The task is a little complicated by the fact that we do not know the height of the entire cone, but only its truncated part. In general, there are three initial numbers: the height of the truncated cone H, the diameter of the lower hole (base) D, and the diameter of the upper hole Dm (at the cross section of the full cone). But we will resort to the same simple mathematical constructions based on the Pythagorean theorem and similarity.

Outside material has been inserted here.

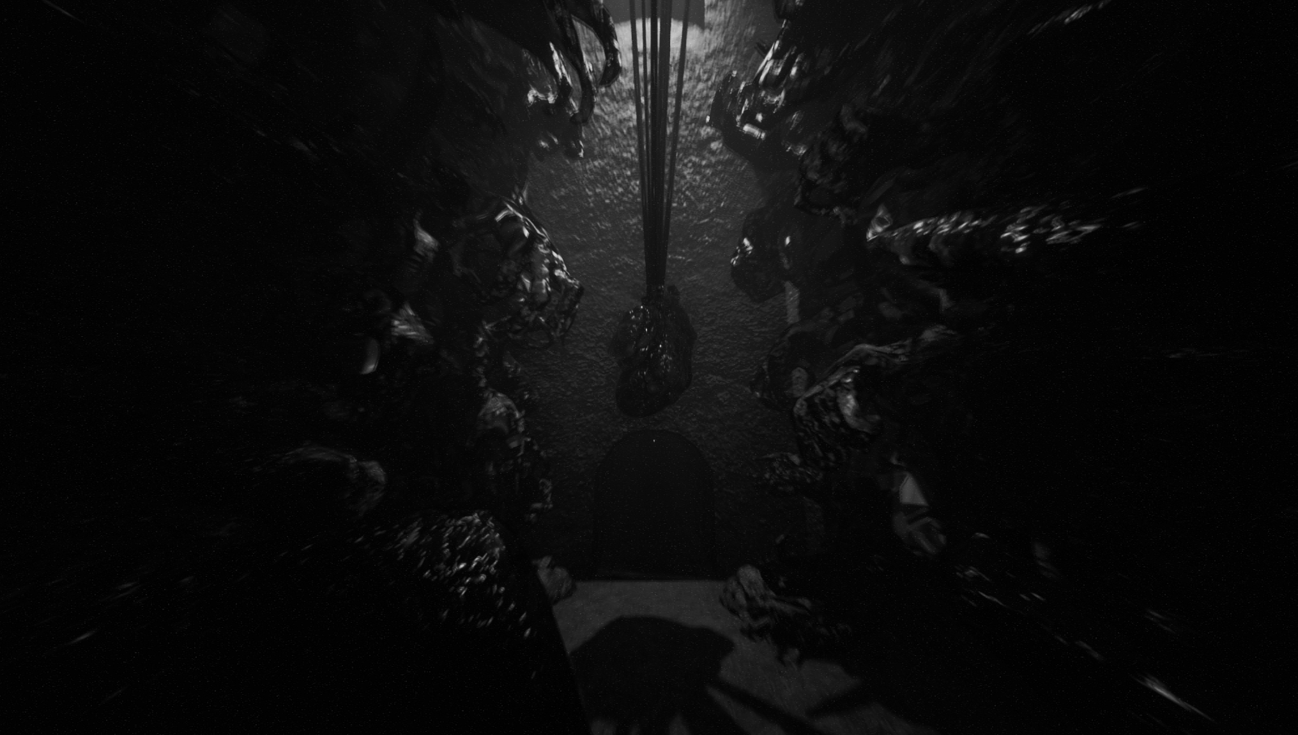 The environmental design doesn’t show its hand despite leaning heavily into a flesh horror world. The environment is full of sewer bricks and large caverns made of calcified flesh along with the occasional writhing hand grubs. Progress is more akin to an obstacle course at times or a walking simulator, while more minimalist it shares some familiarities with Carrion and the upcoming Scorn.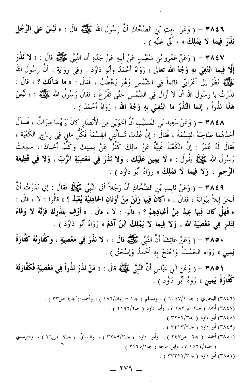 3850 - (وَعَنْ عَائِشَةَ أَنَّ النَّبِيَّ - صَلَّى اللَّهُ عَلَيْهِ وَسَلَّمَ - قَالَ: «لَا نَذْرَ فِي مَعْصِيَةٍ، وَكَفَّارَتُهُ كَفَّارَةُ يَمِينٍ» رَوَاهُ الْخَمْسَةُ وَاحْتَجَّ بِهِ أَحْمَدُ وَإِسْحَاقُ) .

In fact, it is obvious that the value (D-Dm)/2 (half the difference in diameters) will relate to the height of the truncated cone H in the same way as the radius of the base to the height of the entire cone, as if it were not truncated. We find the total height (P) from this ratio.
(D – Dm)/ 2H = D/2P
Hence P = D x H / (D-Dm).
Now knowing the total height of the cone, we can reduce the solution to the previous problem. Calculate the development of the workpiece as if for a full cone, and then “subtract” from it the development of its upper, unnecessary part. And we can directly calculate the radii of the workpiece.
Using the Pythagorean theorem, we obtain a larger radius of the workpiece - Rz. This Square root from the sum of the squares of the heights P and D/2.
The smaller radius Rm is the square root of the sum of the squares (P-H) and Dm/2.
The circumference of our workpiece is 2 x Pi x Rz, or 6.28 x Rz. And the circumference of the base of the cone is Pi x D, or 3.14 x D. The ratio of their lengths will give the ratio of the angles of the sectors, if we assume that the full angle in the workpiece is 360 degrees.
Those. X / 360 = 3.14 x D / 6.28 x Rz
Hence X = 180 x D / Rz (This is the angle that must be left to get the circumference of the base). And you need to cut accordingly 360 - X.
For example: We need to make a truncated cone with a height of 250 mm, a base diameter of 300 mm, and a top hole diameter of 200 mm.
Find the height of the full cone P: 300 x 250 / (300 – 200) = 600 mm
Using the Pythagorean point, we find the outer radius of the workpiece Rz: Square root of (300/2)^2 + 6002 = 618.5 mm
Using the same theorem, we find the smaller radius Rm: Square root of (600 – 250)^2 + (200/2)^2 = 364 mm.
We determine the sector angle of our workpiece: 180 x 300 / 618.5 = 87.3 degrees.
On the material we draw an arc with a radius of 618.5 mm, then from the same center - an arc with a radius of 364 mm. The angle of the arc can have approximately 90-100 degrees of opening. We draw radii with an opening angle of 87.3 degrees. Our preparation is ready. Don't forget to allow an allowance for joining the edges if they are overlapped.